Your objective
Each line from the one holding "After login in" through the end of the records should be returned exactly, while pictures are skipped.

Records shown
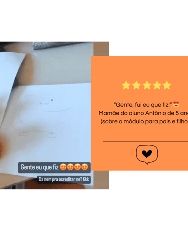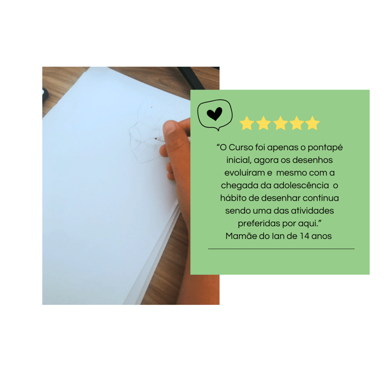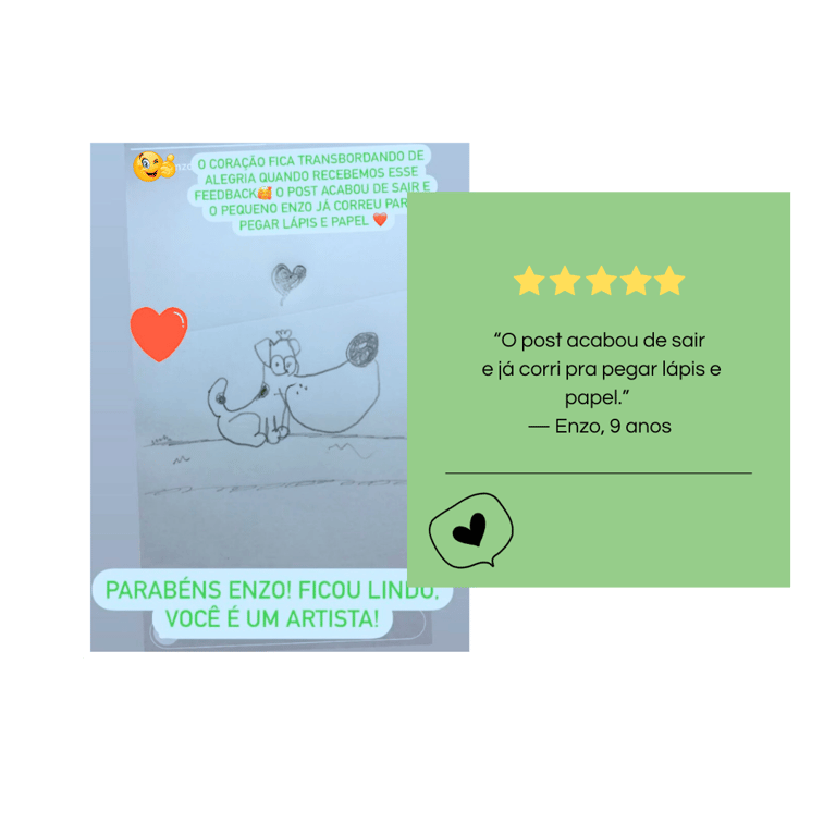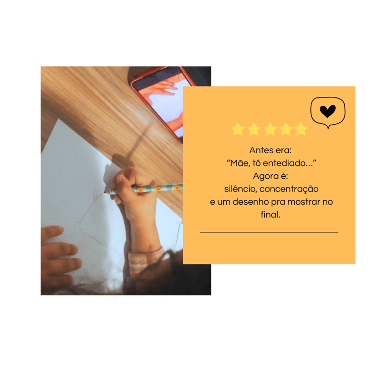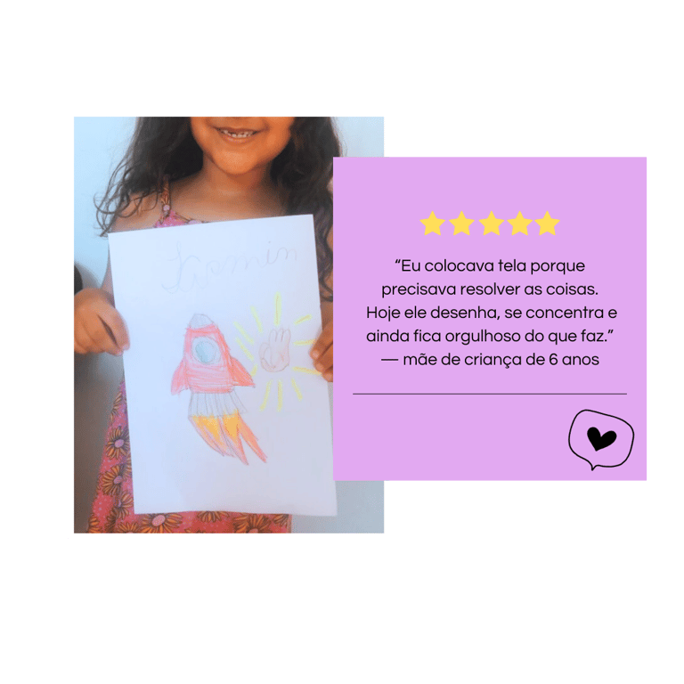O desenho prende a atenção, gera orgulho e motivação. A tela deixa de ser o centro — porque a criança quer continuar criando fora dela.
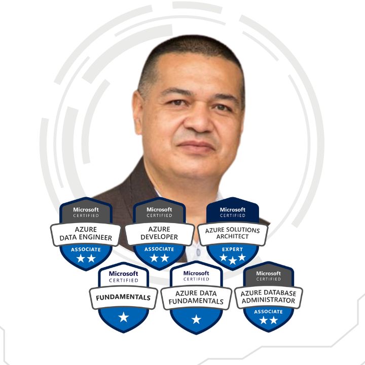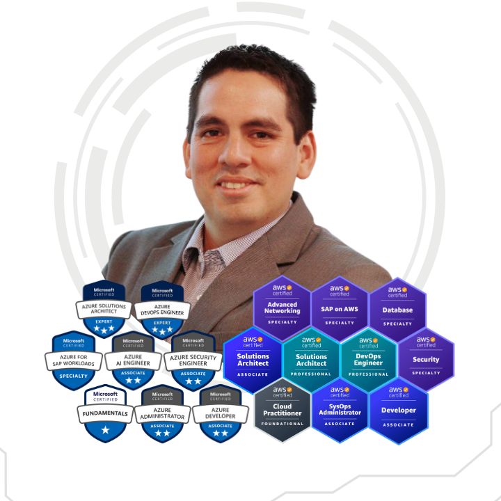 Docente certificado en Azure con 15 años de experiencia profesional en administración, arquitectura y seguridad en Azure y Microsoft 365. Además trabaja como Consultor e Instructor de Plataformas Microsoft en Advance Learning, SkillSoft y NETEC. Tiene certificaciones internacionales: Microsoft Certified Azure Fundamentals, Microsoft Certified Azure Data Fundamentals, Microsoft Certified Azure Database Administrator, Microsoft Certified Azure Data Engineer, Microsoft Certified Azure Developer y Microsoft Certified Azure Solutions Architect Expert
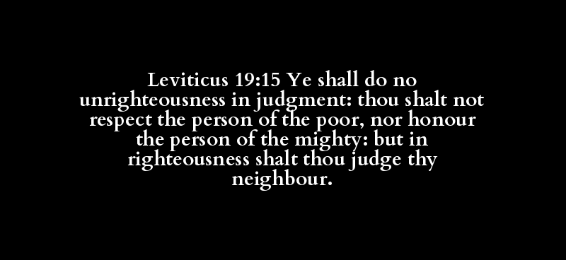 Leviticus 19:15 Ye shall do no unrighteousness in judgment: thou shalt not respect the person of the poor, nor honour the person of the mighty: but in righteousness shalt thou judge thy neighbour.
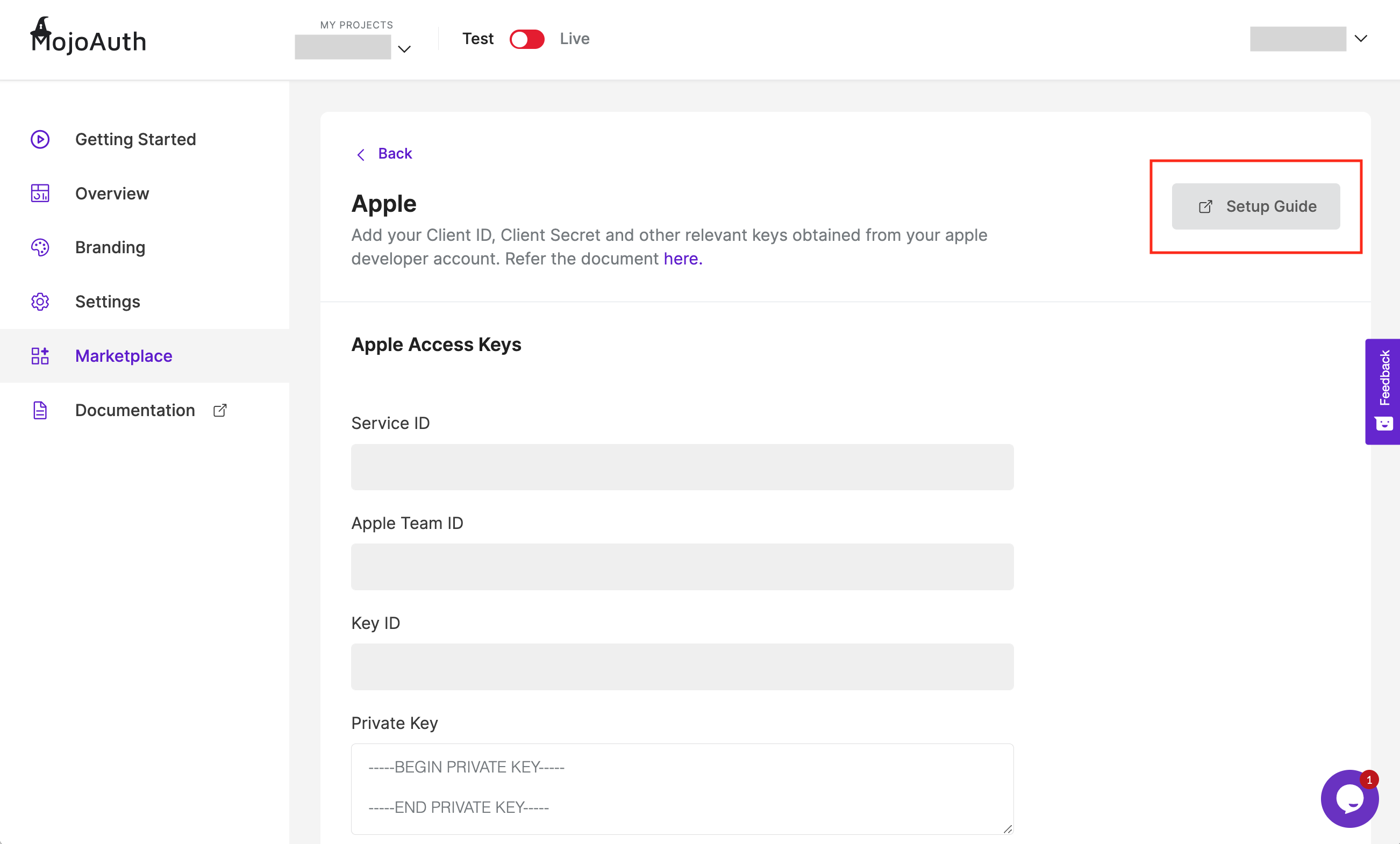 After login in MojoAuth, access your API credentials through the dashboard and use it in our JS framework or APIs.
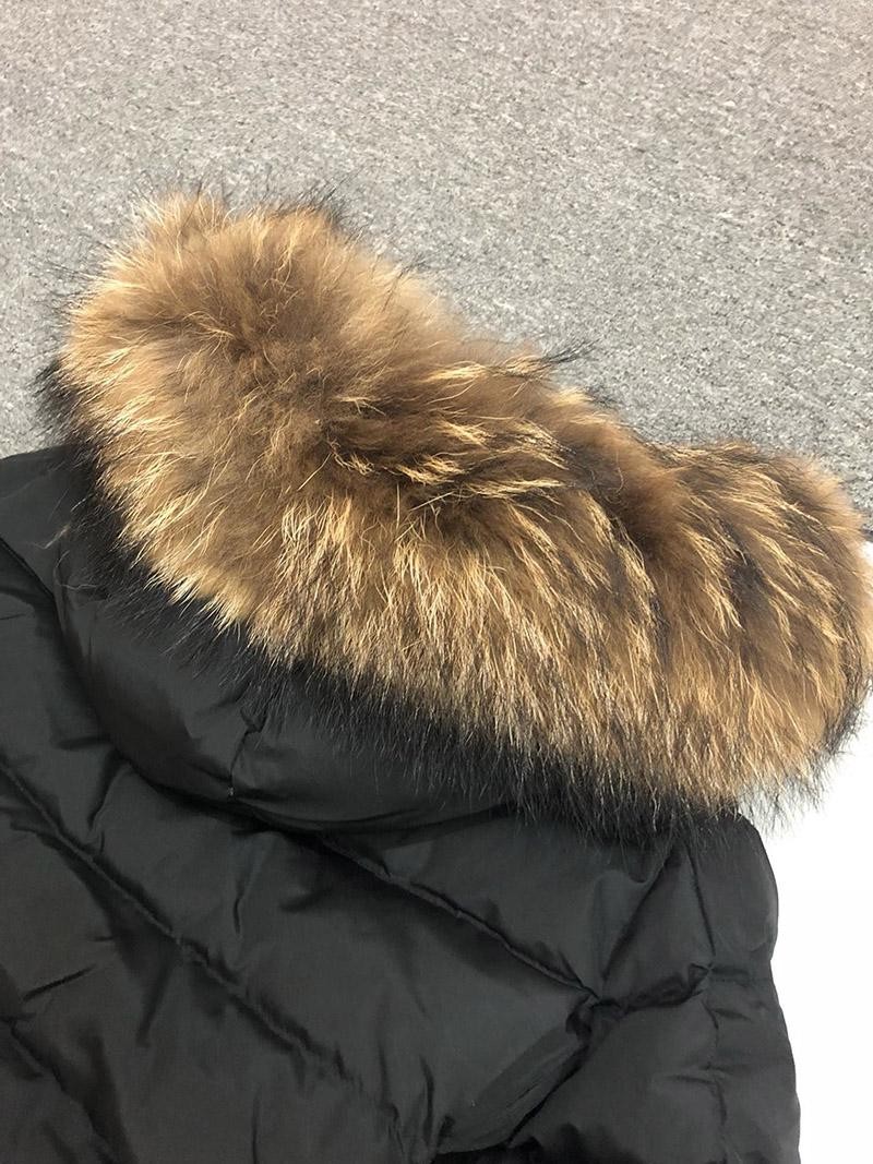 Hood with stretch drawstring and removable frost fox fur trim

Solution for this exercise
 After login in MojoAuth, access your API credentials through the dashboard and use it in our JS framework or APIs.
 Hood with stretch drawstring and removable frost fox fur trim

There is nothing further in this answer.